■ Brief:
Everything in the records below from the line containing "Neutrální barevnost interiéru" through the line containing "Helena Small Leather" is to be reproduced exactly, those two lines included; no picture is to be copied.
(Records shown)
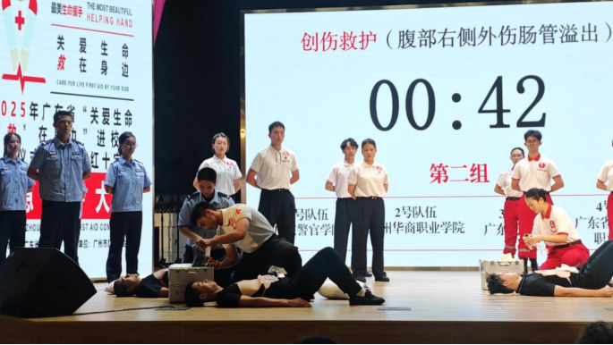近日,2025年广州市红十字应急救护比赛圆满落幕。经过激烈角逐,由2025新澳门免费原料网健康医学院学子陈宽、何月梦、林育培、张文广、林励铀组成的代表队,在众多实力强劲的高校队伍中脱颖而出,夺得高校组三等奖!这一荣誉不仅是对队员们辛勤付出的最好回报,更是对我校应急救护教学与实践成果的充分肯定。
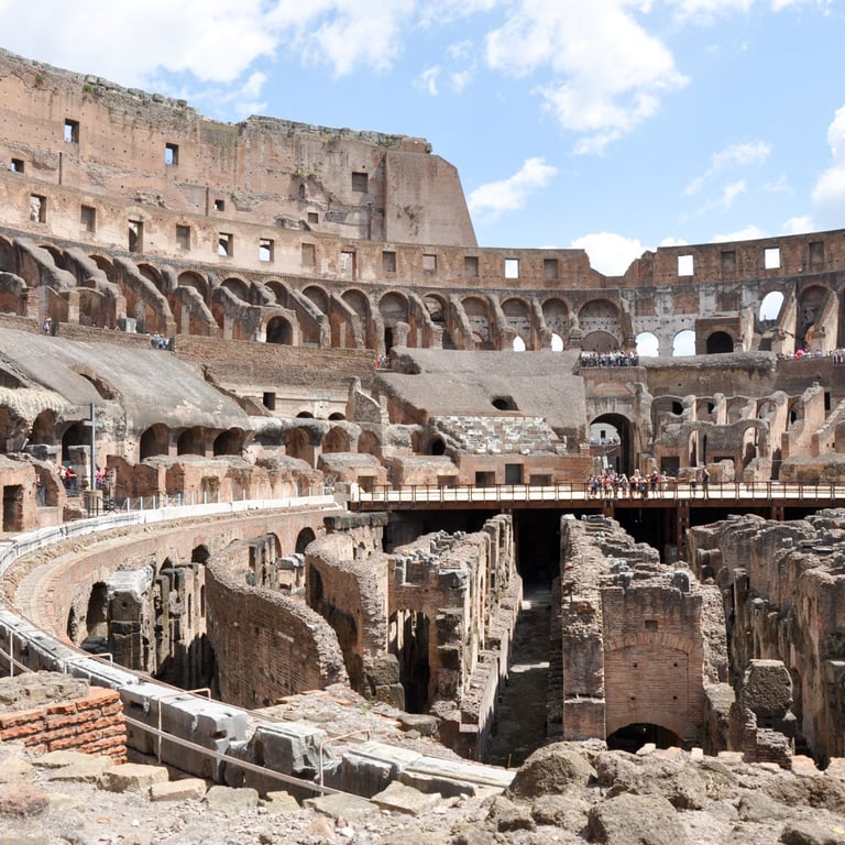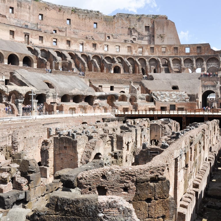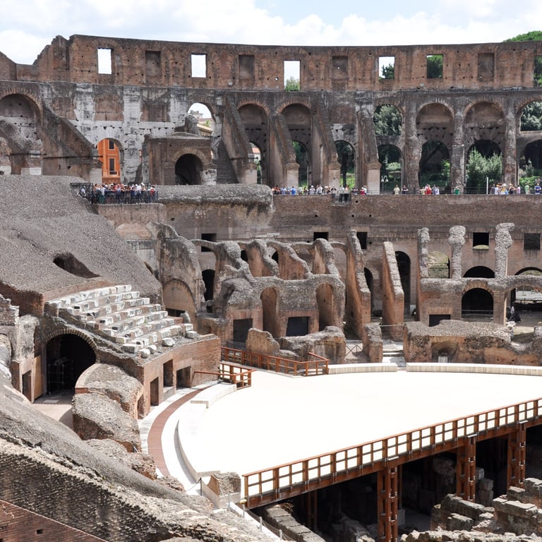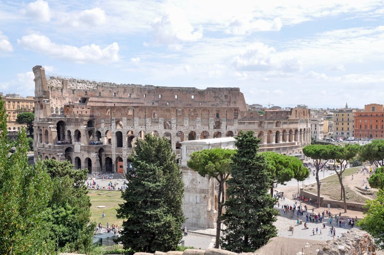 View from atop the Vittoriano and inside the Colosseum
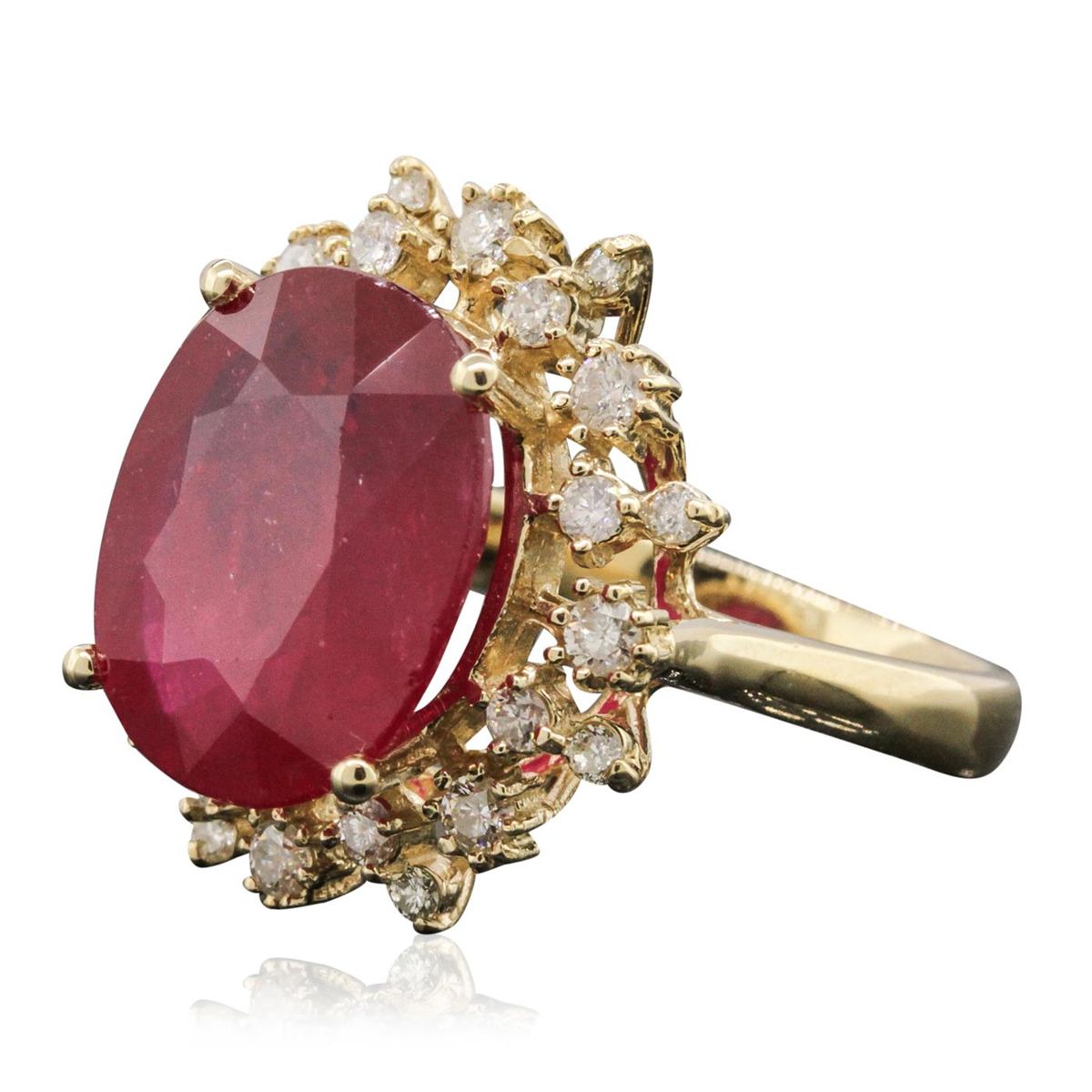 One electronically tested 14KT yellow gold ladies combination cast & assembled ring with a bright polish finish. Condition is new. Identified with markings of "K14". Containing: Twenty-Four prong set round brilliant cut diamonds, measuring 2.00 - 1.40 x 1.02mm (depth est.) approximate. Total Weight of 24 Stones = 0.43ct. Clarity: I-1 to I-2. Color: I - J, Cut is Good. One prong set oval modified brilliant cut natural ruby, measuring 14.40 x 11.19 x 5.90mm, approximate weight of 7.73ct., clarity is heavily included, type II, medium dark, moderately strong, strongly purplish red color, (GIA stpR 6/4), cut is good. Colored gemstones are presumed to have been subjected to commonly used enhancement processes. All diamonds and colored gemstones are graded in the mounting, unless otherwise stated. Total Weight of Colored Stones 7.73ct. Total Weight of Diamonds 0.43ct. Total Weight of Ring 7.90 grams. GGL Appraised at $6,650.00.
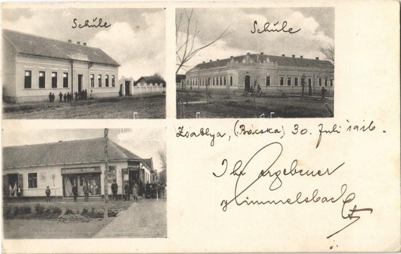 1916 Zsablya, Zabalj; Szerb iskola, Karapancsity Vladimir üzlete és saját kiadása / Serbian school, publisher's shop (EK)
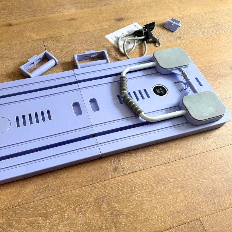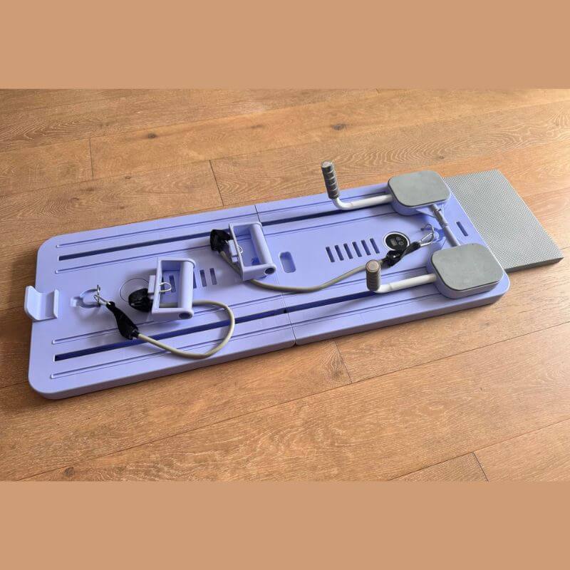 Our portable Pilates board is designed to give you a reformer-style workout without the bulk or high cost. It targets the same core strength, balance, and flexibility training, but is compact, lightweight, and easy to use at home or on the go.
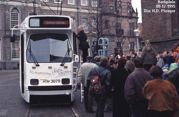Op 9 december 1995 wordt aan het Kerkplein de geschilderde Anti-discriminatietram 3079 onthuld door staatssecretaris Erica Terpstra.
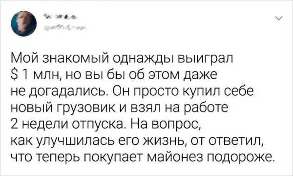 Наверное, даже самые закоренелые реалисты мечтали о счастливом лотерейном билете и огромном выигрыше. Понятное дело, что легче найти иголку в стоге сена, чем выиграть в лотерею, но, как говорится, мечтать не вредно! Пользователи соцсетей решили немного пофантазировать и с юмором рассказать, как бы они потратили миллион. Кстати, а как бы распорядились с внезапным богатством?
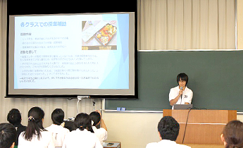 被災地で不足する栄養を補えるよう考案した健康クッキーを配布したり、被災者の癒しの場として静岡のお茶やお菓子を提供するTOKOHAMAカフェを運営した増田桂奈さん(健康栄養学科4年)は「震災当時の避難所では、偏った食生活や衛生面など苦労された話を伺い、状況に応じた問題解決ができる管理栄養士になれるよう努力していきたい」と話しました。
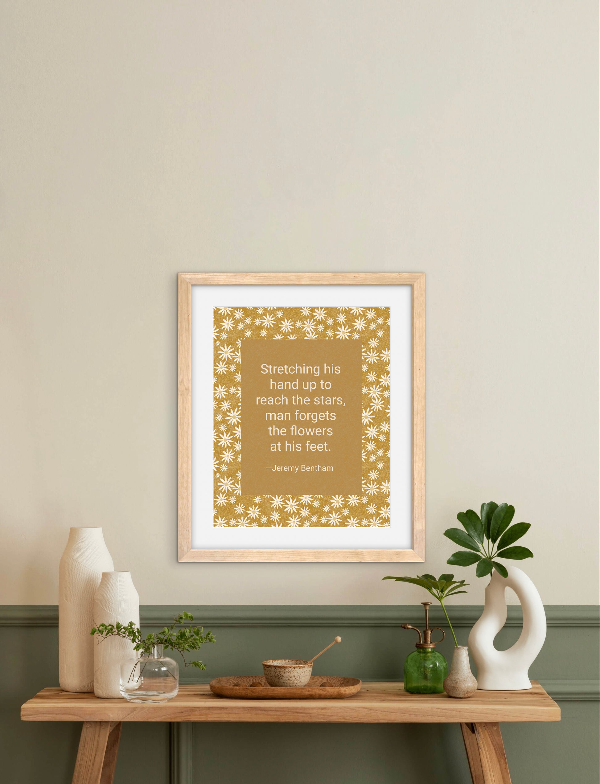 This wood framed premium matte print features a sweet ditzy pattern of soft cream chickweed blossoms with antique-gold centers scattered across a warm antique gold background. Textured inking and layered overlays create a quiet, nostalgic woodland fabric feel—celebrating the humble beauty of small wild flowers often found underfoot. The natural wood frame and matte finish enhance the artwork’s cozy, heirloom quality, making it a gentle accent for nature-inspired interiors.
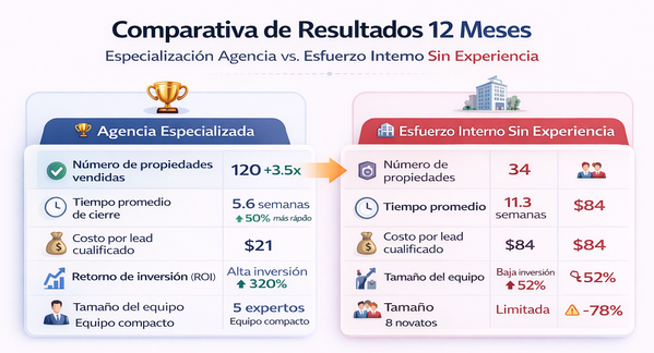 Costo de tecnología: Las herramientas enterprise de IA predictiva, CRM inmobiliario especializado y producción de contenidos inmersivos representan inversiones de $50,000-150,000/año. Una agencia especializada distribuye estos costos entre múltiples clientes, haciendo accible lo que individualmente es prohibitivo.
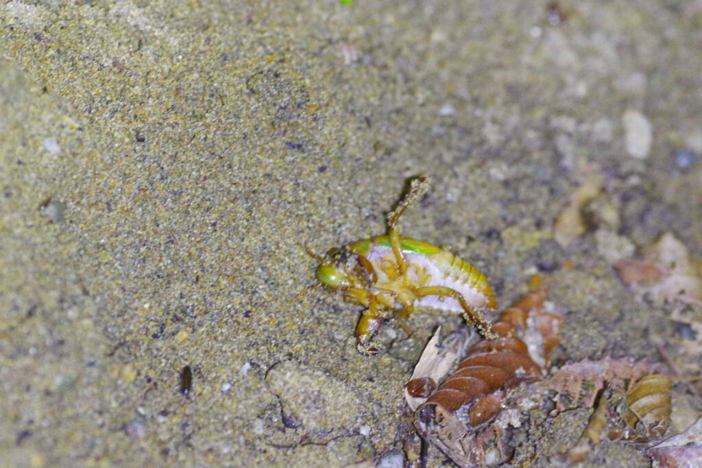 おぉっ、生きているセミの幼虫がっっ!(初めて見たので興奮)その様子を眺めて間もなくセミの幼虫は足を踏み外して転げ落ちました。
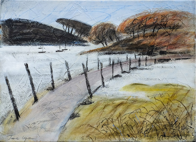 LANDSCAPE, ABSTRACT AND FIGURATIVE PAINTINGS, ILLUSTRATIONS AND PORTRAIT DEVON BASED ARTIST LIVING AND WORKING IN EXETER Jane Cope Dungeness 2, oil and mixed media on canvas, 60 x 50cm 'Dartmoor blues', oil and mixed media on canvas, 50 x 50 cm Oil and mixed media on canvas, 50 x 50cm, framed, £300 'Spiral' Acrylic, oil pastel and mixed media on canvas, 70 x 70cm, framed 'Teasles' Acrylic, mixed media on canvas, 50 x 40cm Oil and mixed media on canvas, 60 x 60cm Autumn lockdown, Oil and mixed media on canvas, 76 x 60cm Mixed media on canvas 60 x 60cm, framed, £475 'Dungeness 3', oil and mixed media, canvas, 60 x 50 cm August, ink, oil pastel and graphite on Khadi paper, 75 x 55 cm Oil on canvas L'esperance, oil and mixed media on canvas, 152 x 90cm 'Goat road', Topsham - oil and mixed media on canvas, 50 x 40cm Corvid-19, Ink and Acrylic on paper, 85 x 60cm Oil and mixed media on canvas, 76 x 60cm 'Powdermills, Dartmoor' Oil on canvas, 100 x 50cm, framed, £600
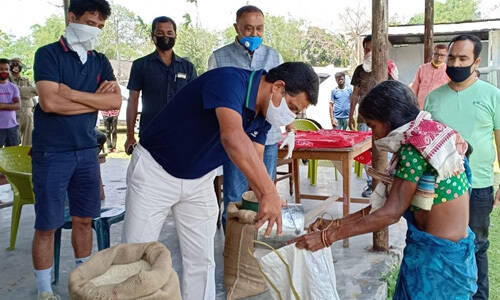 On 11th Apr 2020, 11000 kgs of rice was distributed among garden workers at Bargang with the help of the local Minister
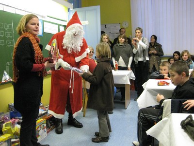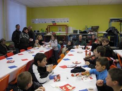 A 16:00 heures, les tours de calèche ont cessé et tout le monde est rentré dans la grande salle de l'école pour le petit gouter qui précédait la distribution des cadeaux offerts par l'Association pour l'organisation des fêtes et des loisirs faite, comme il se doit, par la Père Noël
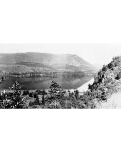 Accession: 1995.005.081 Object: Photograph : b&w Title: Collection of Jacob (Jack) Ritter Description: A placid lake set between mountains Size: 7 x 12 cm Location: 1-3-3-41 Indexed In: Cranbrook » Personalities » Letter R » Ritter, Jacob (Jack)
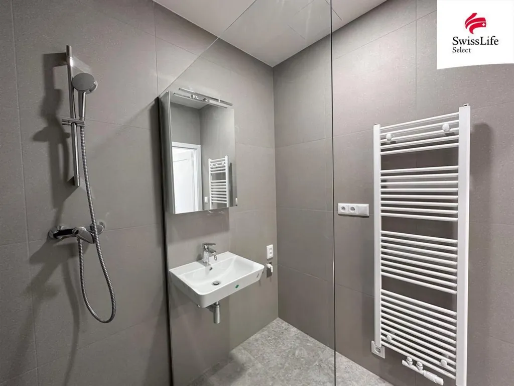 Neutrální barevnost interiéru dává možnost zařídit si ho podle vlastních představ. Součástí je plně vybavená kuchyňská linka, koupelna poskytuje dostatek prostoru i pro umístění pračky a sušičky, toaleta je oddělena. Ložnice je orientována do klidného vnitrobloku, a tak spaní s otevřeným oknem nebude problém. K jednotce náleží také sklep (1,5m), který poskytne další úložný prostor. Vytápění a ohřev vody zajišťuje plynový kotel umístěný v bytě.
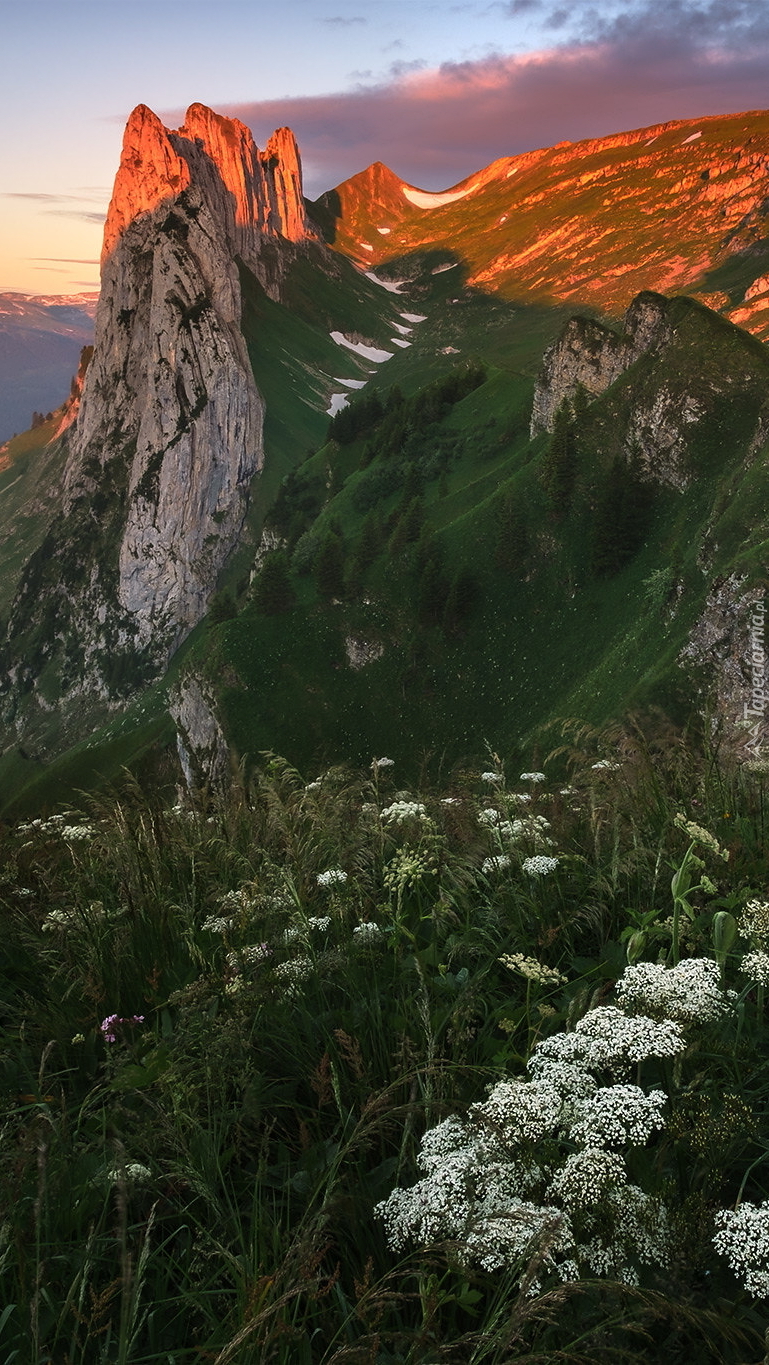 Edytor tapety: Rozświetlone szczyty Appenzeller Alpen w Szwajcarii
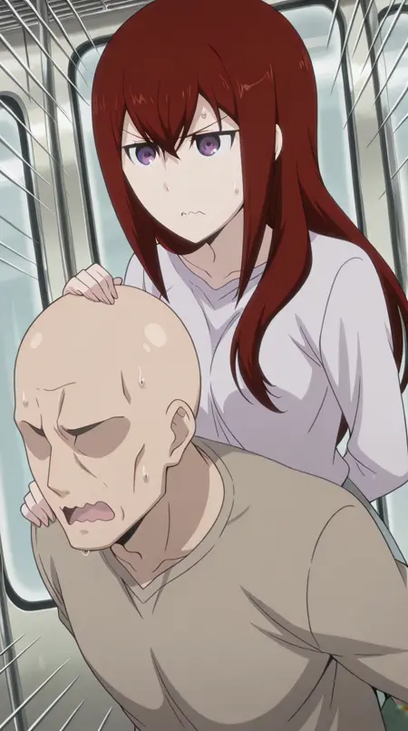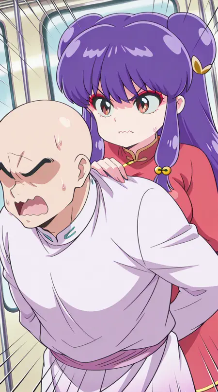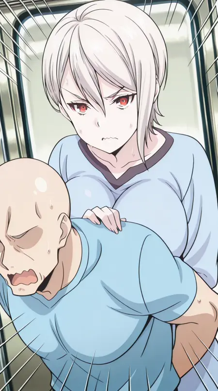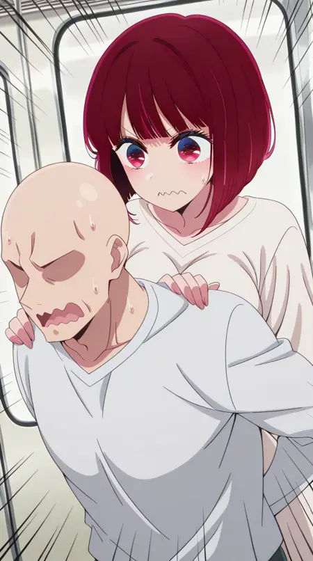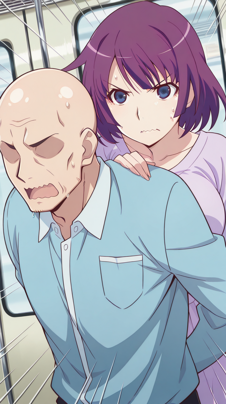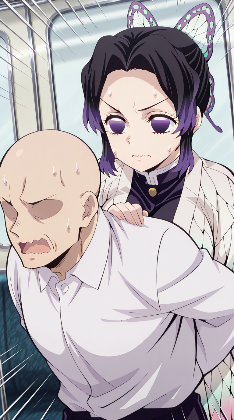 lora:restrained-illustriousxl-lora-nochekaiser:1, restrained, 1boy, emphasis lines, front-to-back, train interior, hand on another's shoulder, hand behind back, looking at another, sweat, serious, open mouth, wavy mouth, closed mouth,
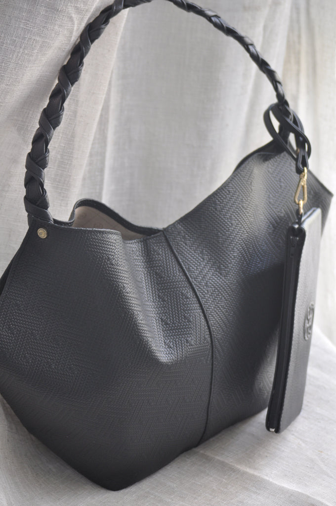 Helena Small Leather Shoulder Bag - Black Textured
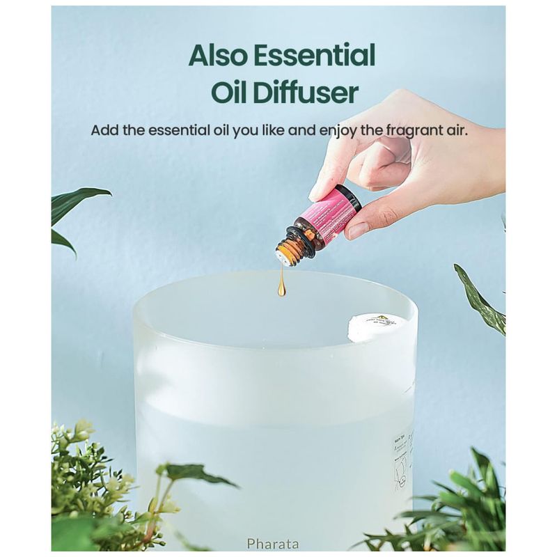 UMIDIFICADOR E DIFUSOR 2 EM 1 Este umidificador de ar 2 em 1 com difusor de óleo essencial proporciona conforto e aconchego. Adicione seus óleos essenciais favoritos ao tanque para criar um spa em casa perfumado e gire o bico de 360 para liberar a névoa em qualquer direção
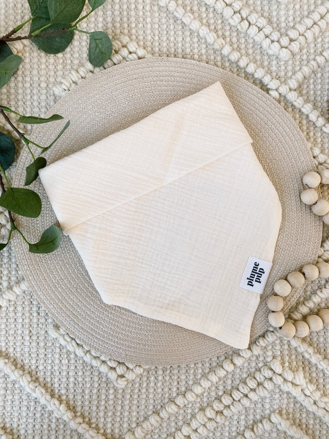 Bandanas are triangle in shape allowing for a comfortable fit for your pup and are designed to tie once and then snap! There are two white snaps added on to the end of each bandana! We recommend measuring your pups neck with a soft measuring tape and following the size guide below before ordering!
(End Records shown)
■ Result:
 Neutrální barevnost interiéru dává možnost zařídit si ho podle vlastních představ. Součástí je plně vybavená kuchyňská linka, koupelna poskytuje dostatek prostoru i pro umístění pračky a sušičky, toaleta je oddělena. Ložnice je orientována do klidného vnitrobloku, a tak spaní s otevřeným oknem nebude problém. K jednotce náleží také sklep (1,5m), který poskytne další úložný prostor. Vytápění a ohřev vody zajišťuje plynový kotel umístěný v bytě.
 Edytor tapety: Rozświetlone szczyty Appenzeller Alpen w Szwajcarii
 lora:restrained-illustriousxl-lora-nochekaiser:1, restrained, 1boy, emphasis lines, front-to-back, train interior, hand on another's shoulder, hand behind back, looking at another, sweat, serious, open mouth, wavy mouth, closed mouth,
 Helena Small Leather Shoulder Bag - Black Textured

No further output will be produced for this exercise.